Let Me Remind You
University ‘cancels’ great philosopher because 262-year-old writings on race ’cause distress’ (The Telegraph 13 September 2020).
The University of Edinburgh is to rename the David Hume Tower for fear that his views on race, expressed more than 250 years ago, might “cause distress”. This is part of an ongoing review of present day reminders of the 438-year-old institution’s links with slavery and racism.
I was about to sit at my table when I realized that this is a reminder of Table Mountain and the horrific years of apartheid in South Africa. Worried that my table might cause distress, I quickly pushed back my chair but was reassured when I remembered that Archbishop Desmond Tutu had been appointed as the chair of the Truth and Reconciliation Commission.
But, before I could help myself, I made another mistake – I looked at the carpet. It was causing a lot of distress.
In colonial South Africa, white, English-speaking people looked to the motherland for hints in matters of taste. People were considered to be failures if they did not follow Victorian ideas of propriety. Among the essential commodities for successful whiteness were Persian carpets.
By the 1960’s, the Persian carpet had become an accepted part of a proper, English-speaking, white middle-class home. However, with the end of apartheid in 1994, wealthy White South Africans were forced to adopt a new standard of taste. The “Persian carpet” had become prohibitively expensive and was seen as an outdated symbol of the old South Africa. Together with tea parties it was consigned to the dustbin of élite whiteness.
Trying to avert my gaze from the table, chair, and carpet, I found myself looking straight at the window. I could not help but remember the case of Ahmed Timol, a 29-year-old Muslim schoolteacher and political activist. In 1971, just six days after he had been arrested, he jumped out of a window and fell to his death from 10th floor of the offices of the South African Police’s Special Branch. His death was quickly ruled a suicide despite the suspicious circumstances.
A few years ago, long after the fall of apartheid, South Africa’s National Prosecuting Authority agreed to hear new evidence in the case. This reexamination of a political death could set a precedent – seventy-three South Africans were killed in police custody between 1963 and 1990.
I looked up. Not far above my head, the ceiling seemed to be made of glass. I could see through it, but there was no way to get my body through. Many South Africans seem to feel the same way. Under the old Apartheid they weren’t white enough, but in today’s post-Apartheid South Africa, they are not black enough.
I was getting tired of this strange room with its table, chair, carpet, window, and ceiling. I looked for the way out and found two doors, clearly labelled in Afrikaans: Blankes (whites) and Nie-Blankes (non-whites).

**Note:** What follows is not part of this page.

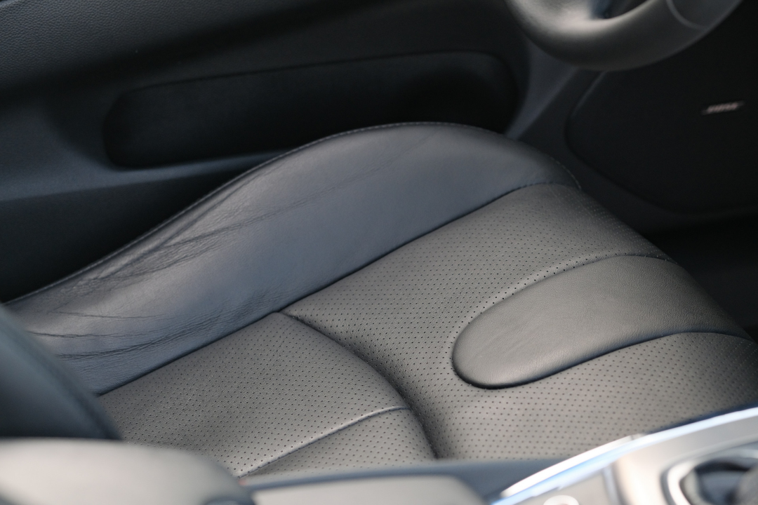 主驾座椅侧翼轻微挤压痕,坐垫皮面清爽紧致。

I looked at my skin; it certainly wasn’t white; I had spent the summer in the Israeli sunshine. I looked again, perhaps I had missed a third, Don’t Know, door. I was beginning to feel distress brought on by the ‘trauma of freedom, a term first used in a lecture by Achille Mbembe, who showed that someone who has only known a lack of freedom, suffers trauma when first confronted with freedom.
OK, I thought, I’ll go for Blankes and opened the door. Once out of the room, with my distress level dropping rapidly, I could see that both doors led to the same place. It really didn’t matter if you were Blankes or Nie-Blankes.
It reminded me of the song from my youth ……….
Oh, you push the damper in, and you pull the damper out, but the smoke goes up the chimney just the same.